Our stable market appears to be tracking similar to the nation’s office markets taken as a whole. CCIM Quarterly Trends, which tracks 4.1 billion sq. ft. of office space, reports a nationwide flat office vacancy rate of 15.6% and predict this vacancy rate will continue through next year. Trends predict the nation’s office markets as a whole have seen and will continue to see positive but nominal absorption, 31,000,000 sq. ft. in 2013 and 42,000,000 sq. ft. in 2014 and small rent growth of 0.07% through the next six quarters.

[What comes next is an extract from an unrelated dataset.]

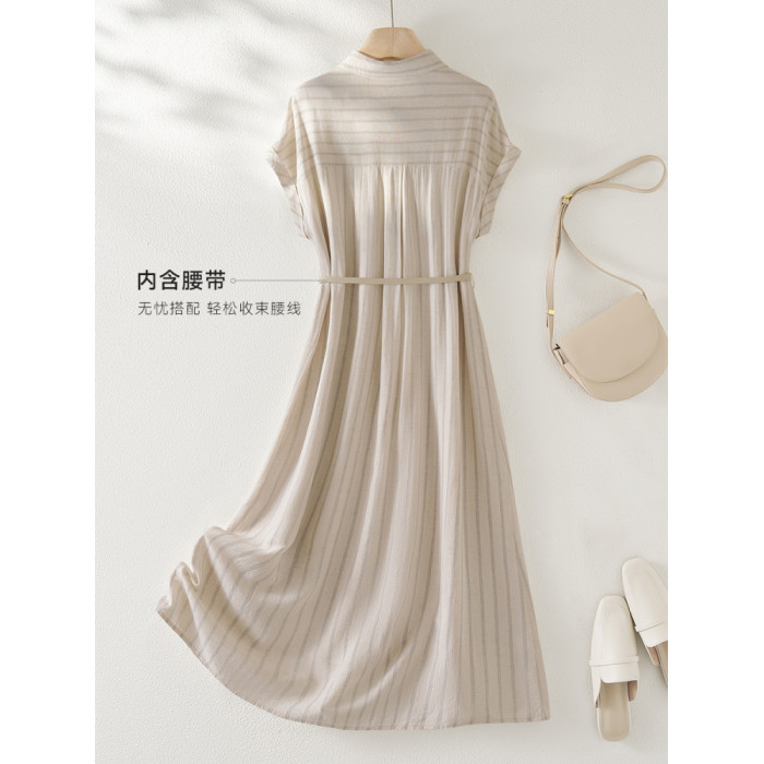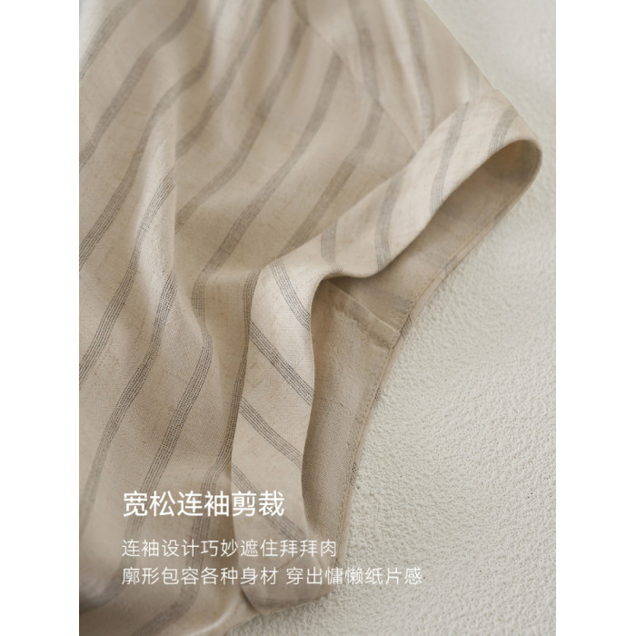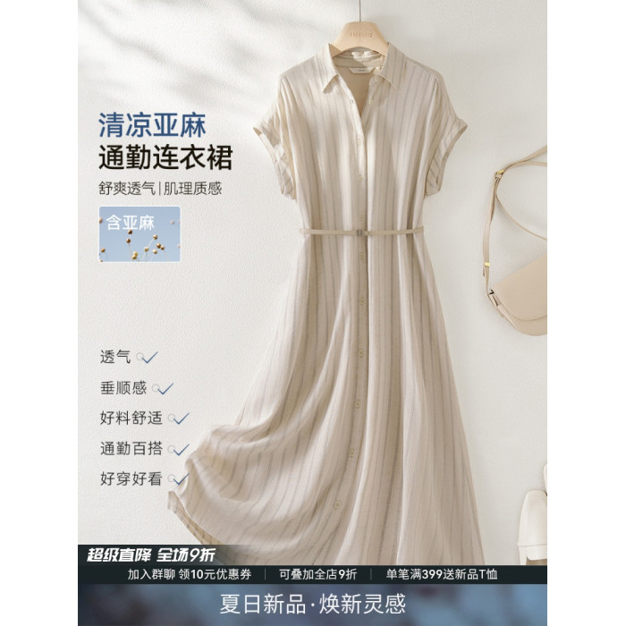 IHIMI海謐老錢風輕薄亞麻條紋連衣裙女2025夏季高級感時尚裙子

In the first half of 2013, we had -52,780 sq. ft. of absorption compared with positive absorption of 185,175 one year ago. As we have reported for several quarters, Class A continues to lead the market: Class A 39,645; Class B -40,870; Class C -51,555. Hopefully, the activity we are tracking moves ahead on schedule because there will be negative absorption pressure on our market in the second part of the year because the new 105,000 sq. ft. Westplex IV Building will be completed and added to the market. This is notable as it marks the completion of the first new speculative office building since the 2008 recession.
Average Asking Rental Rates have increased in all classes in both downtown and suburban submarkets, although only nominally. Class A increased $0.16 psf to $24.63; Class B increased $0.09 psf to $18.63; Class C increased $0.37 psf to $13.93. We believe that the existence of an overall increase reflects landlord optimism for the market but the size of the increase suggests continued caution. Class C average asking rental rates have increased nearly 3% across the market and 17% downtown. This is a function of two buildings that were previously on the market but with “negotiable” prices that are now priced at nearly $16.00 per sq. ft.

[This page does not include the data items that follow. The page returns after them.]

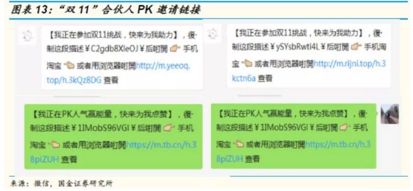 阿里有一颗做社交的心,“双11”合伙人计划反映出其在社交方面的努力:在收集能量的PK和挑战玩法中,参与者需要拉人组队、助力、点赞,这正是利用社交关系传播的一个好的场景。我们可以看到,邀请主要以链接进行,因此微信中不时出现好友邀请助力和点赞的链接。
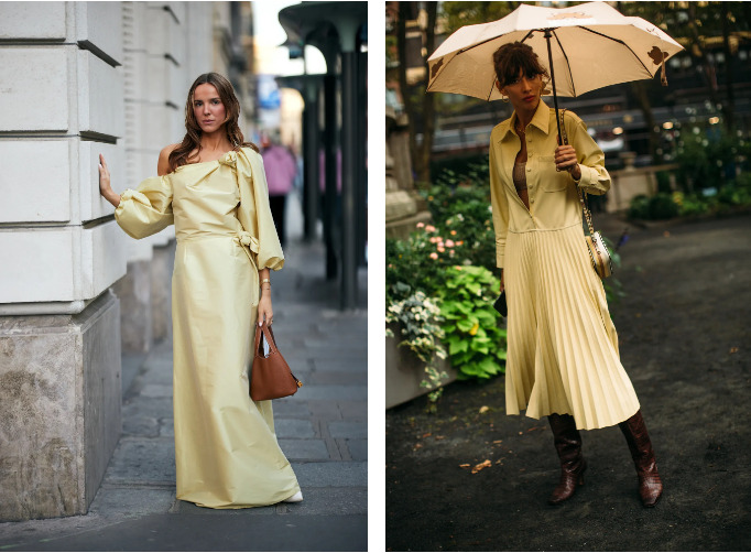 Масленожълтият цвят се превръща в универсален избор за всяко време на деня. Сутрин го виждаме в мини рокли с А-силует, свободни кройки с тънки презрамки в стил 90-те или модерни визии с плоски сандали. Съчетава се чудесно с неутрални тонове като бежово, пясъчно или млечнобяло, създавайки леки и свежи аутфити – идеални за разходки в града или летни ваканции.През нощта масленожълтото засиява с още по-голяма сила. Изберете миди или дълга рокля от сатен или с елегантна драпировка, и ще постигнете стилна и запомняща се визия. Аксесоарите са ключът: златните детайли добавят блясък, среброто – класа, а наситени тонове като амарант или тъмносиньо придават модерен контраст.
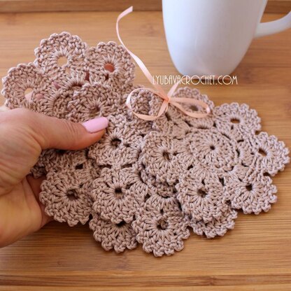 Beautiful Crochet Flower Coasters Pattern PDF.
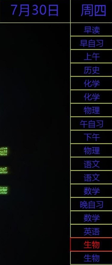 桌面课程表成品+源码软件所展示的资源内容均来自于第三方用户上传分享,您所下载的资源内容仅供个人学习交流使用,严禁用于商业用途,软件的著作权归原作者所有,如果有侵犯您的权利,请来信告知,我们将及时撤销。

The overall Omaha office vacancy rate increased from 13.9% to 14.3% from one year ago but the real story is that the rate for Class A properties was down dramatically, from 9.2% to 4.7%. Meanwhile, both Class B increased from 13.2% to 15.5% and Class C increased from 22.9% to 25.8%. As we have reported, Class A has benefited over the last few years from the flight to quality and while owners of Class A office space are some of the most confident landlords in Omaha, such a low vacancy rate isn’t healthy for the market. If one seeks 10,000 sq. ft. of Class A office space in Omaha today, the choices are limited to less than 10 buildings. If the size requirement goes up to 20,000 sq. ft., the number of existing buildings drops to about four. Average asking rental rates for Class A space should increase notably this year and new construction will likely follow.
Construction has remained fairly quiet. The only speculative construction is at Sterling Ridge at 132nd and Pacific Street where Lockwood Development has started construction on a 60,000 sq. ft. building and Millard Refrigerated just completed construction of their new 65,000 sq. ft. corporate headquarters. Gavilon, Gordman’s, and Tenaska are all underway with their new owner occupied corporate headquarter buildings. Both Deeb Realty and Prudential Ambassador Real Estate have their sites set on starting construction on new buildings for their own businesses along the West Dodge corridor, although plans are not yet firm. Bank of the West is out of space in their building at 136th and W. Dodge and will be expanding the building to accommodate.